### BRIEF
Starting at the line with "لیپگلاس آناستازیا در" and ending at the line with "معلومات الملف: 18", print exactly the lines of the entries below. Pictures do not belong in the copy.
═════ DATA FOR PROCESSING
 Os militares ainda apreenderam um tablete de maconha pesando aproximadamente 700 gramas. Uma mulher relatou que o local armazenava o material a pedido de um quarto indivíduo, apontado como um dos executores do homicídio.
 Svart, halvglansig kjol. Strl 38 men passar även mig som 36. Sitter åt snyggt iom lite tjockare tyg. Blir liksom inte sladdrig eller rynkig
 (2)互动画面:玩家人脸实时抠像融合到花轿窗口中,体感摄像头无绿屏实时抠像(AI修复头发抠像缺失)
══════════
═════ DATA FOR PROCESSING
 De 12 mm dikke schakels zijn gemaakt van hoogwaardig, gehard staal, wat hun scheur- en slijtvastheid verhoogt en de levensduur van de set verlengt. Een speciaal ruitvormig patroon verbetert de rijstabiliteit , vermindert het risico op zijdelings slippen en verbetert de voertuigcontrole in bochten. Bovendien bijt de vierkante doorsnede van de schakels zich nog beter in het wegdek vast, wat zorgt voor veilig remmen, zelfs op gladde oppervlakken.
══════════
═════ DATA FOR PROCESSING
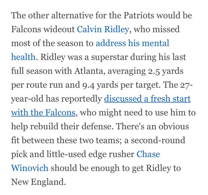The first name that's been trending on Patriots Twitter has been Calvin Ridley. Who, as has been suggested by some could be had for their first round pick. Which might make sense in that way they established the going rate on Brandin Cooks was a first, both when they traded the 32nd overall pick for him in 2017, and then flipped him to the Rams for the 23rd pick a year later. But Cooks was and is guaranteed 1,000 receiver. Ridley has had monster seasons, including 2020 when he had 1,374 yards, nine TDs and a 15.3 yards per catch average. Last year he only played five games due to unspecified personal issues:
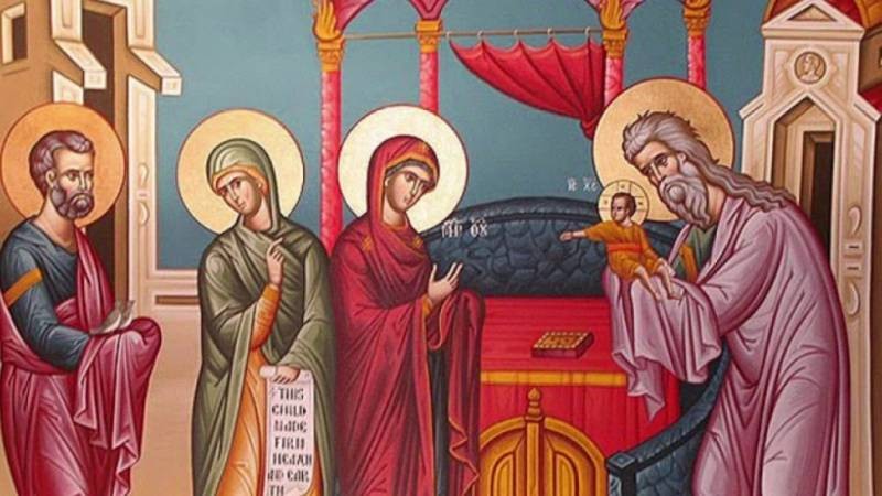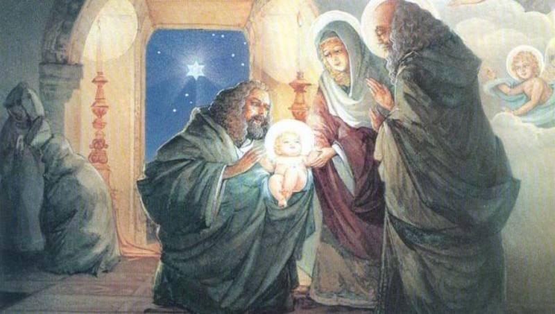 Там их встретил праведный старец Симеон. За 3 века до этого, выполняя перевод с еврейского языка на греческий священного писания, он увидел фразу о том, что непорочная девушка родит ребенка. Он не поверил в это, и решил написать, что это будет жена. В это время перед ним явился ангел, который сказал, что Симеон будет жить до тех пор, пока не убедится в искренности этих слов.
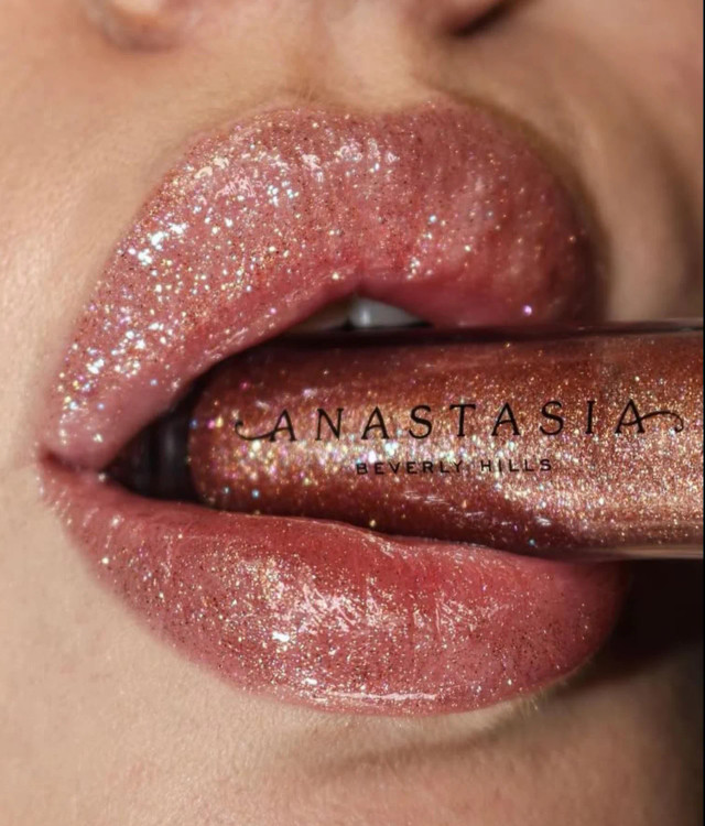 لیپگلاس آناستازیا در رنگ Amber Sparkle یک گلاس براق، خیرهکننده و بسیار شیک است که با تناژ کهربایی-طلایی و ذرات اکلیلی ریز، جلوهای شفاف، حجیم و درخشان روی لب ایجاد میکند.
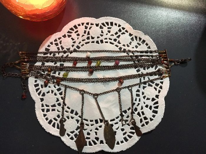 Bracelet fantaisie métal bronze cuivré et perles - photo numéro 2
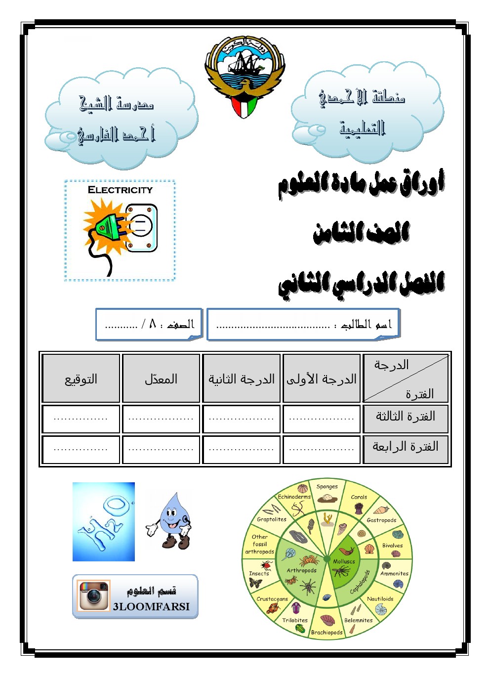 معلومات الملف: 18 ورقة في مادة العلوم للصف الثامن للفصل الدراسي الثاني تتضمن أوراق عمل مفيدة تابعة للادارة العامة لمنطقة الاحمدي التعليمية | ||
══════════
### SOLVED PROBLEM
 لیپگلاس آناستازیا در رنگ Amber Sparkle یک گلاس براق، خیرهکننده و بسیار شیک است که با تناژ کهربایی-طلایی و ذرات اکلیلی ریز، جلوهای شفاف، حجیم و درخشان روی لب ایجاد میکند.
 Bracelet fantaisie métal bronze cuivré et perles - photo numéro 2
 معلومات الملف: 18 ورقة في مادة العلوم للصف الثامن للفصل الدراسي الثاني تتضمن أوراق عمل مفيدة تابعة للادارة العامة لمنطقة الاحمدي التعليمية | ||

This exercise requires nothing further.